When I heard the term, "black market, handicapped Disney guide," I stopped in my tracks.
What did you just say? I asked my source, who repeated it. After that I learned from many other parents in Manhattan about how the privileged few in New York City "do Disney."
When I learned that people were hiring people with disability passes for the day to pretend to be a member of their family so they and their children could cut the long lines at Disney and move to the front, my jaw dropped. I knew that this was just a window onto a world of practices that are surprising, specific, and sometimes upsetting.
The term "black market, handicapped Disney guide," is not mine. I know that the acceptable description is people with disabilities, and I want to be respectful of people who have a disability and have to cope with a world that is not always accepting and accommodating of differences. But the meme has caught on — in large part because so few people knew about this secret practices that is just one example among many of how the Uptown Manhattan tribe operates via exchanges of privileged information.
The New York Post wrote about it and loads of other media picked it up. CNN interviewed me, too. Even Saturday Night Live sent up the practice May 18th on "Weekend Update."
Overwhelmingly, people who commented on the story — and there were tens of thousands — were as shocked as I was.
Meanwhile, I will continue to write about my research results, revealing how the Uptown tribe lives day to day.

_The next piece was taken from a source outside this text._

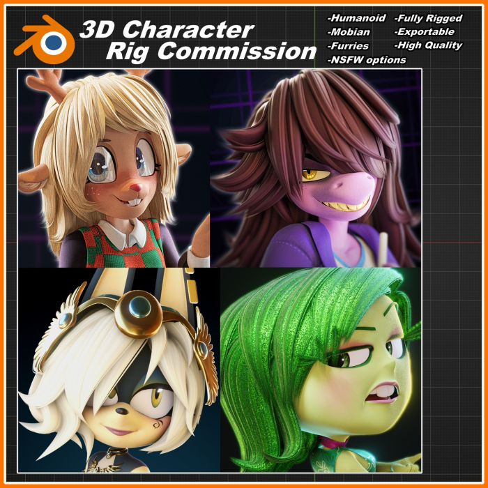 Turn your Adoptable/OC/or Character into a 3D Model optimized for just about any use! Will Include: -Original .Blend File with facial and Body Rig optimized for Blender 3.6 or above! -Optional .FBX File with Texture Atlas for maximum compatibility in other 3D Software! -Optional NSFW version! -5 Free Renders!

Did you know that — if you can afford it — you can hire a play date consultant to make sure your children are playing appropriately with other children? Or that it's common practice here to hire personal shoppers, not to help get ready for a big event, but to curate a wardrobe of outfits for school drop off and pick up?
In affluent Manhattan, a place of intense competition and intense anxiety, it sometimes seems there is a consultant for every aspect of parenting, feeding off maternal ambitions and maternal fears, and fueling the seemingly endless quest to be a perfect mother.
Primate social behaviors in these hierarchical contexts run the gamut from cooperative to conflictual to baffling. I look forward to sharing more research and hearing from you about unbelievable parenting practices in your area.